8. Initialize the Vector Store Index

Vector Store is a type of index that stores data as vector embeddings. These vector embeddings are numerical representations of the data that capture their semantic meaning. This allows for efficient similarity searches, where the most similar items to a given query are retrieved.

LlamaIndex offers the flexibility to store these vector embeddings either locally or in a purpose-built vector database like Milvus. When queried, LlamaIndex finds the top_k most similar nodes in the vector store and returns them to the response synthesizer.

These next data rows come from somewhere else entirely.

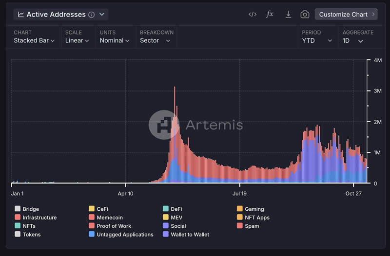 Sui在Meme交易领域有自己的特点。Cetus作为主要的自动做市商,交易机器人多使用PinkPunkBot,而Movepump则像是一个专门的启动平台。这些设施在十月初使得TVL和交易量显著增长,由此可见,这些基础设施对于推动Sui生态发展起到了显著的促进作用。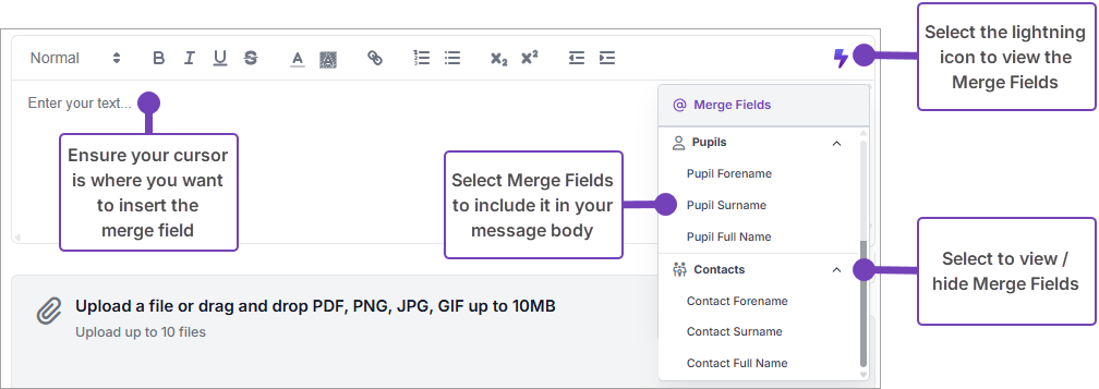 If you want to customise the message in the template, for example, by automatically using the pupils name, select the lightning icon, and select the merge fields you want to insert at the appropriate point in the text: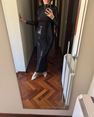 Vestido largo negro lentejuelas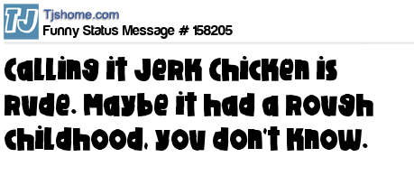- # 187764 Jerk chicken is just like regular chicken, but it drives a BMW and doesn't care about your feelings.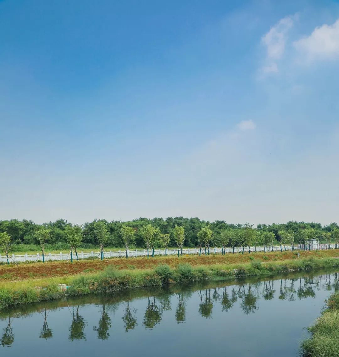 兩岸碧綠的草地和青翠的樹木相依相偎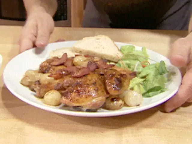 Cornish game hen with bacon and onions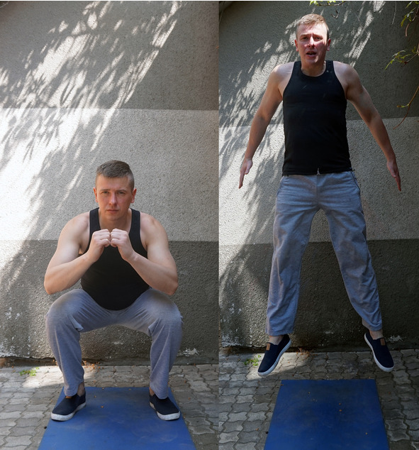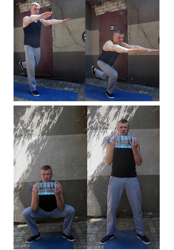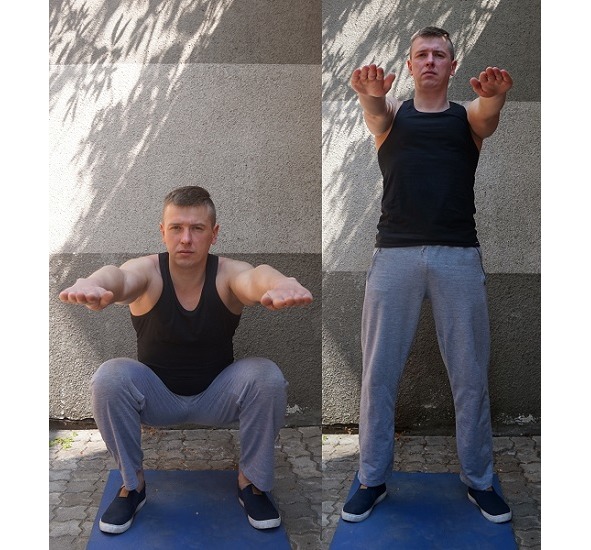 Начнем с классических приседаний с собственным весом. Если очень сложно, то упрощаем. Если легко (чаще всего именно так), то выбираем более сложные формы.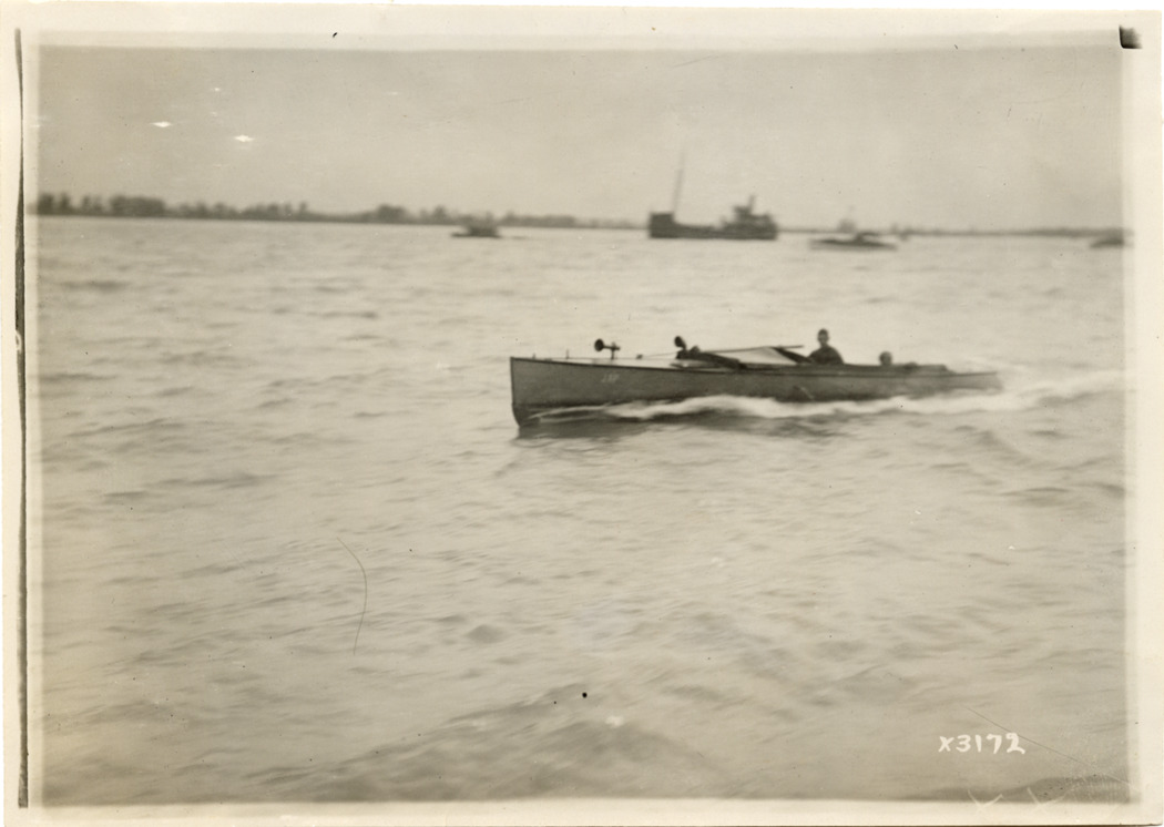 View of driver and passenger in motorboat during the 1911 Great Lakes League Championship on Lake St. Clair.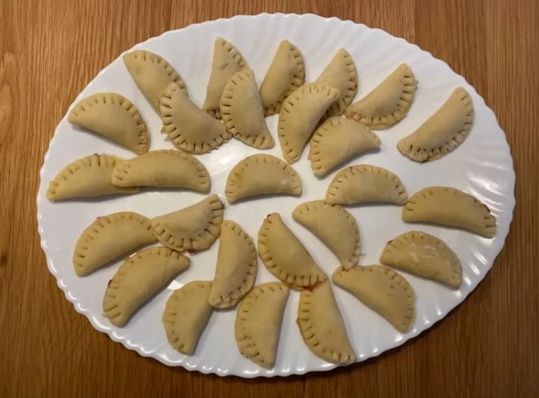Разваљајте тесто на дебљину од 2-3 мм, према потреби посипајући с мало брашна да се ваљак не лепи. Оставите мало да се просуши па га сеците на траке дебеле око два центиметра. Сеците на квадратиће и у сваки ставите мало надева па их преклопите у троугао, затворите и стисните ивице виљушком да се учврсте.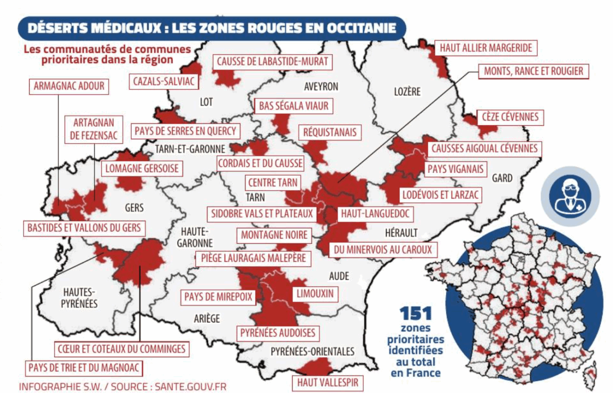 Ce constat rejoint les données publiées au niveau national : en Occitanie, de nombreuses communautés de communes apparaissent en rouge sur la carte des déserts médicaux. La Lozère n’est pas épargnée, avec notamment le Haut-Allier Margeride identifié comme particulièrement fragile.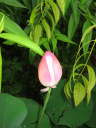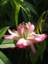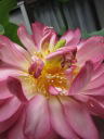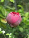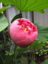 しばらく見ているとその蓮台の上にスポットライトが当たり、お釈迦様が舞い降りてきたかと錯覚させられる様な雰囲気を持つ。写真を撮ってから気が付いたことは、花の色が濃いことです。他に赤系の品種は多いが、開ききったときはほとんど薄いピンク色に変わってしまう。それがこの花は濃い色を呈していて、自分自身でも驚いた。※写真に補正はありません。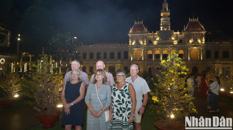 | Mucha gente se reúne en la calle de flores, en el barrio Phu My Hung del distrito 7, para tomar fotografías en vísperas del Año Nuevo Lunar 2025. |

In summary, a Vector Store in LlamaIndex is a powerful tool that enables efficient storage and retrieval of data in the form of vector embeddings, facilitating semantic similarity searches.

index = VectorStoreIndex.from_documents(
    documents, service_context=service_context
)

The provided Python code is using the VectorStoreIndex.from_documents() function from the LlamaIndex library to create a vector store index from a list of documents.

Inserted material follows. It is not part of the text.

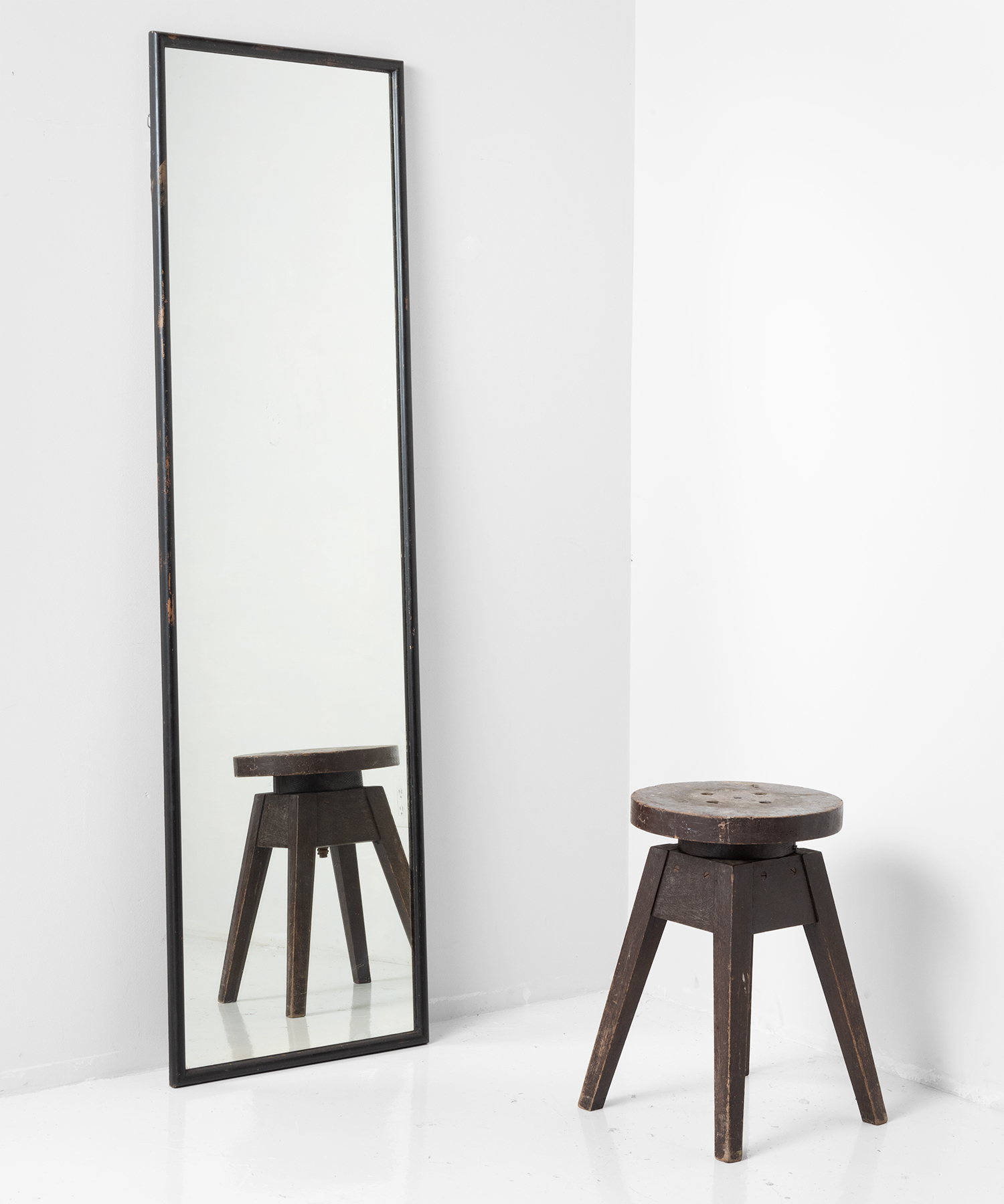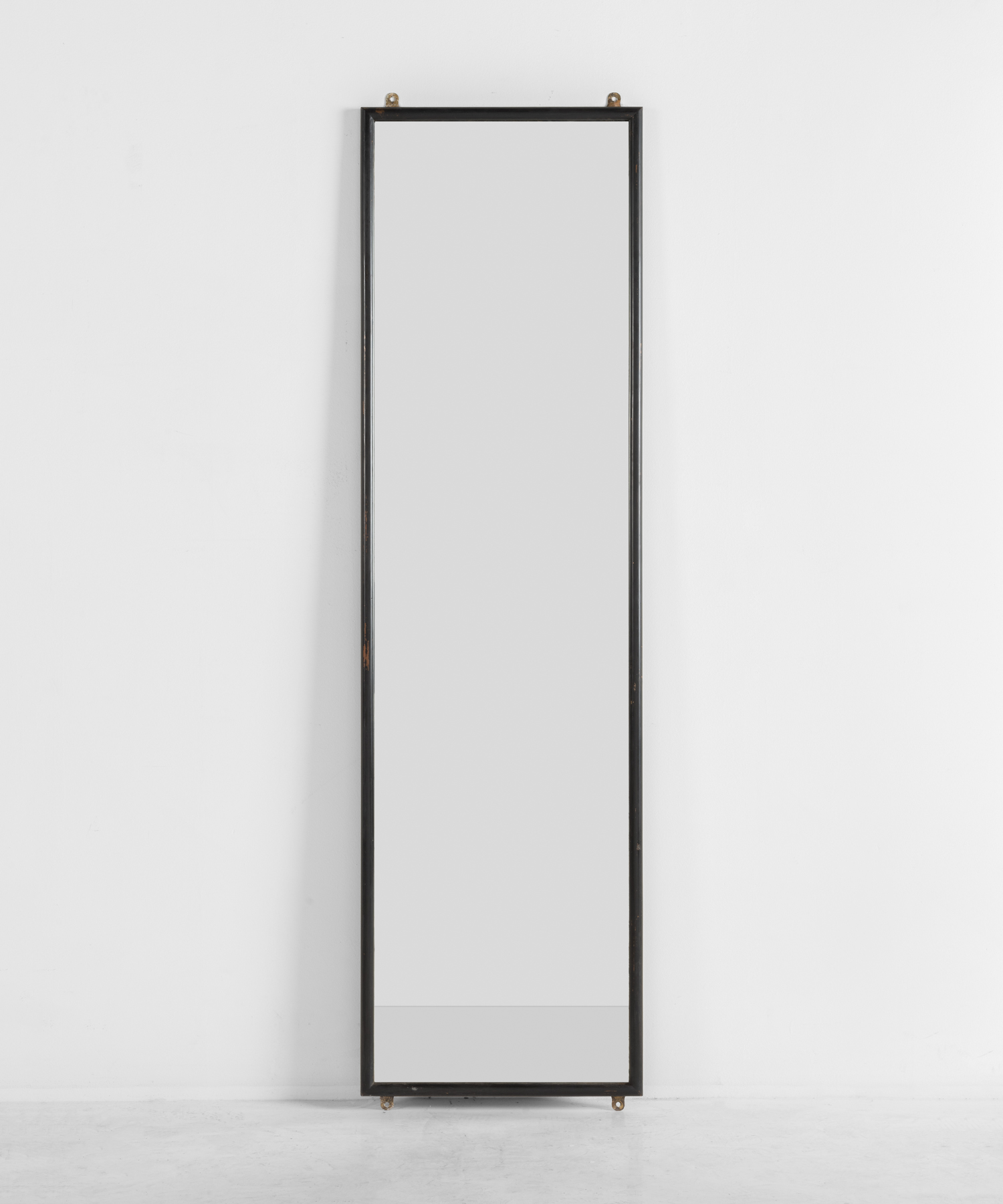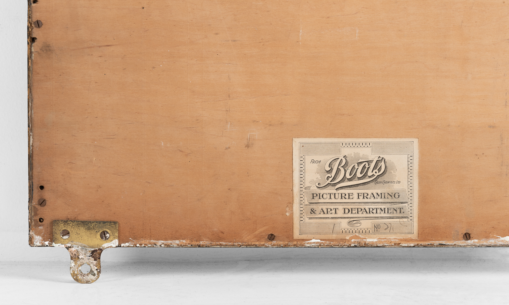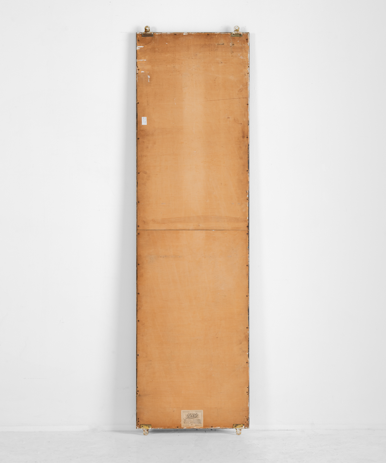 Beautifully patinated, wall-mounted form with original brass hardware and manufacturers sticker on back.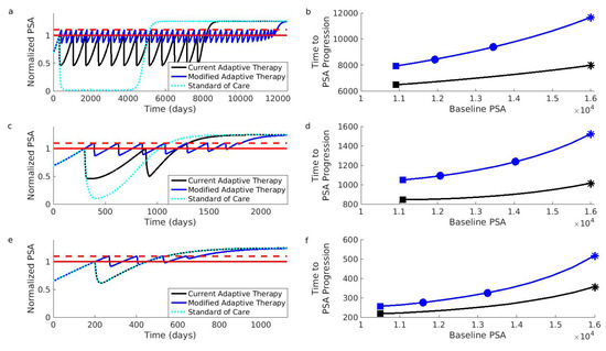 Simulations comparing current and modified adaptive therapy designs. The comparison was performed for three different types of patients. These patients differed in their initial resistance frequencies: low (Patient 1, Panels (a,b)), medium (Patient 2, Panels (c,d)), and high (Patient 3, Panels (e,f)). (a) Comparison for Patient 1 assuming that the initial baseline (solid red) cannot be increased. The modified design (blue) controls the PSA for longer than the current design (black). Both adaptive therapy designs are better than the standard of care (dotted light blue curve). To facilitate comparison, PSA progression for both designs occurs when the PSA exceeds of the baseline (dashed red). The PSA is normalized relative to initial baseline PSA. (b) Time to PSA progression for Patient 1 under the modified (blue) and current (black) adaptive therapy design. If the current design is implemented at the initial baseline indicated by the black square, the modified design implemented at the same baseline would improve the results (blue square). However, increasing the baseline by (leftmost blue circle) or (rightmost blue circle) improves the results further. Asterisks correspond to the dynamics shown in (a). (c,d) Same as (a,b) except for Patient 2. (e,f) Same as (a,b) except for Patient 3. Notice that Patient 3 did not achieve a reduction in the PSA during the first cycle of adaptive therapy (the black curve in Panel (e) is always above 0.5). This means that the current adaptive therapy design coincides with the standard of care (the black curve and dotted light blue curve in Panel (e) lie on top of each other). Simulations use the same mathematical model as the original simulations that supported the design of the current adaptive therapy regimen [13,47]. See Section 4 for details on patient types and simulations.

VectorStoreIndex.from_documents(documents, service_context = service_context): This line is calling the from_documents() method of the VectorStoreIndex class. This method takes a list of documents and a ServiceContext as arguments.

documents: This is a list of documents that you want to index. Each document in this list will be converted into a vector embedding and added to the index.

service_context=service_context: This is passing the ServiceContext that was defined earlier in the code. The ServiceContext contains settings and resources that are used during the indexing process.

9. Initialize the Query Engine

QueryEngine is a high-level component that combines a Retriever and a ResponseSynthesizer into a pipeline.

Retriever: This component fetches nodes (or data points) based on the query string.

ResponseSynthesizer: This component takes the nodes retrieved by the Retriever and sends them to the Large Language Model (LLM) to generate a response.

query_engine = index.as_query_engine(streaming=True)

index.as_query_engine(streaming=True): This line is calling the as_query_engine() method on the index object. This method transforms the index into a QueryEngine.

streaming=True: This argument enables streaming mode. When streaming mode is enabled, the QueryEngine returns a StreamingResponse object instead of a regular Response object. This allows you to process the response as it’s being generated, which can be useful for large responses that take a long time to generate.

query_engine = : This is assigning the QueryEngine returned by as_query_engine() to the variable query_engine.

10. Validate the Response

Let’s evaluate our model’s output. I’ve placed the research paper titled “Attention is All You Need” in the ‘data’ folder. Now, let’s pose a query to the model.

response_stream = query_engine.query("explain about cross attention?")
response_stream.print_response_stream()

The outputs look like this:

In conclusion, the article provides a guide on how to build a personal RAG Chatbot using LlamaIndex and Open LLMs. This tool can revolutionize your data interactions in a way that’s simple, accessible, and tailored to your needs.

See you later, Thanks for reading 😃.